Strange problem with mixed Windows network

N

Nick Fotis

Good morning,

I became recently a systems administrator in our company. Some days ago (10
days, to be more exact) we noticed a very annoying and strange problem. Let
me offer some background first:

Servers: mostly Windows NT4 SP5 or so, which operate for some years now,
with SQL servers, Exchange, IIS, etc. Some of these IBM boxes are also
clustered.

The company premises are in 3 floors, and there are various versions of
Windows PC co-existing (from Windows98 to XP Professional). There are three
switches (Cisco Catalyst 2900 in the lower two floors, Cisco Catalyst 3500
in the 3rd floor), while two NT4 boxes serve as PDC and BDC and another one
serves as WINS server.

Ten days ago, some PCs in the 3rd floor (which is served from the Catalyst
3500) started being extremely slow in every thing these did in the network
(browsing, etc.), becoming nearly useless. Doing 'ping -t' showed packet
loss of 10-15% (that's unheard in a switched 100 Mbps network with 10 or so
PCs in a floor).
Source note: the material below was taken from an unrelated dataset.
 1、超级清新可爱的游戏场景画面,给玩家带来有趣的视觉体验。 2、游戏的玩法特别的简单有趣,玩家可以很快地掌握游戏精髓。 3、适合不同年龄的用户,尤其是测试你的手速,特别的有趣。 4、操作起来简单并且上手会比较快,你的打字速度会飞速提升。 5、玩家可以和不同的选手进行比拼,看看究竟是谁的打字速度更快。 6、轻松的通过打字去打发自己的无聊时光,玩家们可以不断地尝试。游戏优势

The problem became worse later, with 1-2 more PCs slowing
to a crawl in network operations.

None of the other PCs had any problems, though (besides a master browser
election that was being forced from the PCs that had been slowed down).
Rebooting every troublesome PCs (and a server reboot for making sure nothing
was wedged), the trouble persisted. Mind you, we speak about a network that
was operating for months without any hint of problems, so we were baffled by
this. Doing a full scan with Norton Antivirus didn't uncover any active
virus/worm, and some infected files were quarantined.
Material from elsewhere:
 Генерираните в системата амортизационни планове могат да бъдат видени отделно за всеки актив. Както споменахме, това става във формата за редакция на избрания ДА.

An idea that was suggested by another colleague was to slow the Ethernet
connections of the troublesome PCs (most but not all of these have Intel
PRO/100 cards) to 10 Mbps - imagine our surprise when suddently these
started working again!

Any ideas of the cause of the problem??

I'm not very inclined to believe the 'problem cable' is the source of all
this - suddently one and a half rooms (with some exclusions in each room)
starting having problems sounds a bit strange to me (it's all done with Cat5
cabling).
I guess I'll have to ask for a cable test in order to be sure?

Hardware incompatibility? Most of the affected PCs have Intel Ethernet
cards, which are most common (and there are 1-2 Realtek cards in the mix).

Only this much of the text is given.